Identification of the compound represented by formula (A-II-4)

(Mass analysis) ionization mode=ESI+: m/z=733.3[M-Cl] ⁺

Accurate quality: 768.3

When the compound represented by formula (A-II-4) is sulfonated in the same manner as in Example 1, the compound represented by formula (A-I-4) is obtained.
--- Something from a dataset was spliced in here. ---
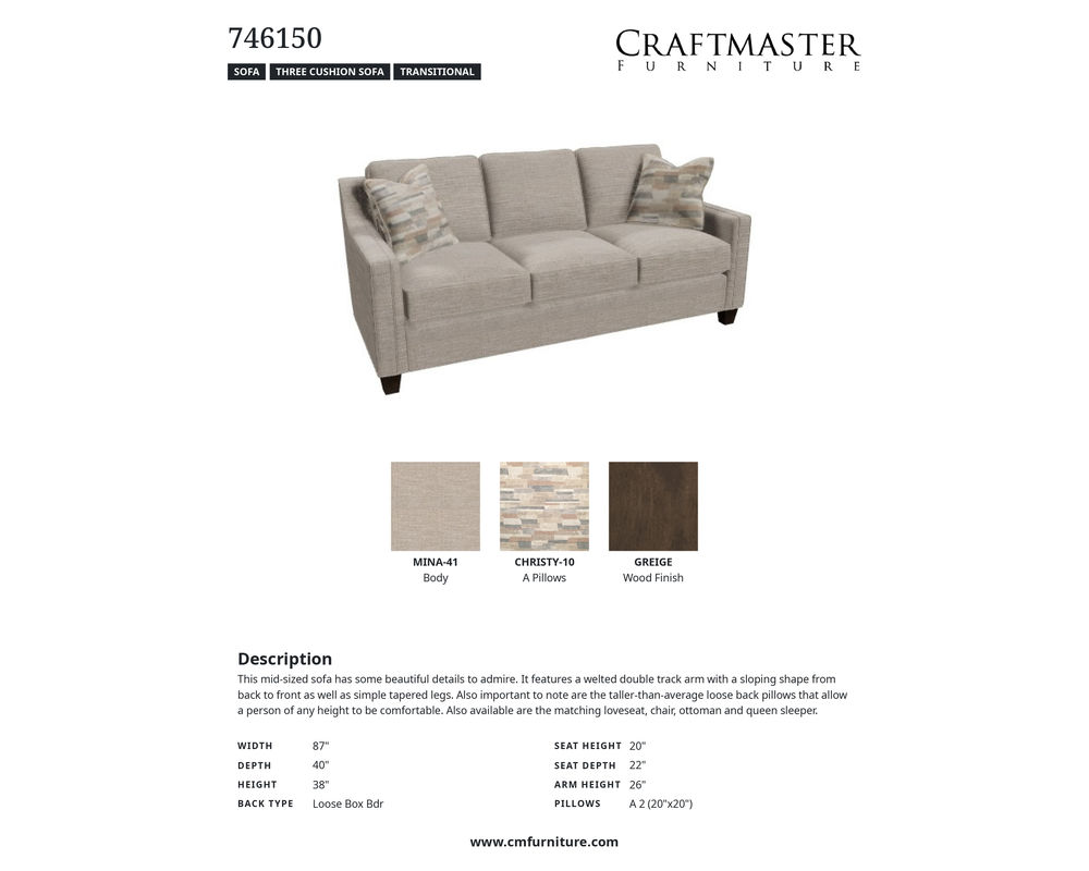 NOTE: Due to dye lot variations from fabric suppliers, Craftmaster Furniture cannot guarantee dye lot matches unless products are purchased simultaneously.

In the formula (AI-4), "-SO ₃ ^- " and "-SO ₃ H" mean that they are bonded to carbon atoms on at least one of the six phenyl rings, respectively.

[Industry availability]

The compounds of the present invention have higher absorbance. When the color-curable resin composition used for manufacturing the liquid crystal display part contains the compound of the present invention, the amount used may be small.

Claims (4)

A compound, which is represented by the formula (AI):

[In formula (AI), R ^1a , R ^2a , R ^3a , R ^4a , R ^5a , R ^6a , R ^7a and R ^8a each independently represent a hydrogen atom, an alkyl group having 1 to 10 carbon atoms, and SO ₃ ^- group Or SO ₃ M group; R ^9a and R ^10a independently represent a hydrogen atom, an alkyl group having 1 to 10 carbons, an aromatic hydrocarbon group which may be substituted, or an aralkyl group which may be substituted; R ^11a to R ^20a respectively It independently represents a hydrogen atom, an alkyl group having 1 to 10 carbon atoms, a halogen atom, an SO ₃ ^- group or an SO ₃ M group; in the above R ^1a to R ^20a , the above alkyl group may also constitute a methylene group constituting the above An oxygen atom is inserted between; R ^45a and R ^46a independently represent a hydrogen atom, an alkyl group having 1 to 10 carbon atoms, or an aromatic hydrocarbon group which may be substituted; R ^55a represents a hydrogen atom, an alkyl group having 1 to 10 carbon atoms, Or an aromatic hydrocarbon group which may be substituted; in the above R ^45a , R ^46a , and R ^55a , for the above alkyl group, an oxygen atom may also be inserted between the methylene groups constituting it; M represents a hydrogen ion, a metal ion, or an ammonium ion ; Among them, R ^1a ~ R ^20a , R ^45a , R ^46a and R ^55a meet at least any of the requirements of (1), (2) and (3), and the requirements of (4): (1) R ^1a ~ R ^8a And at least one of R ^11a to R ^20a is an SO ₃ ^- group or a SO ₃ M group; (2) at least one of R ^9a , R ^10a , R ^45a , R ^46a and R ^55a has an SO ₃ ^- group or SO ₃ M Aromatic hydrocarbon groups with substituents as substituents; (3) At least one of R ^9a and R ^10a is an aralkyl group having a SO ₃ ^- group or SO ₃ M group as a substituent on the ring; (4) Formula (AI) The number of SO ₃ ^- groups in the compound represented is 1, and the number of SO ₃ M groups is 0~6]. A color-curing resin composition comprising the compound represented by the formula (A-I) of claim 1. A color filter formed by using the color-curing resin composition according to claim 2. A display device including the color filter according to claim 3.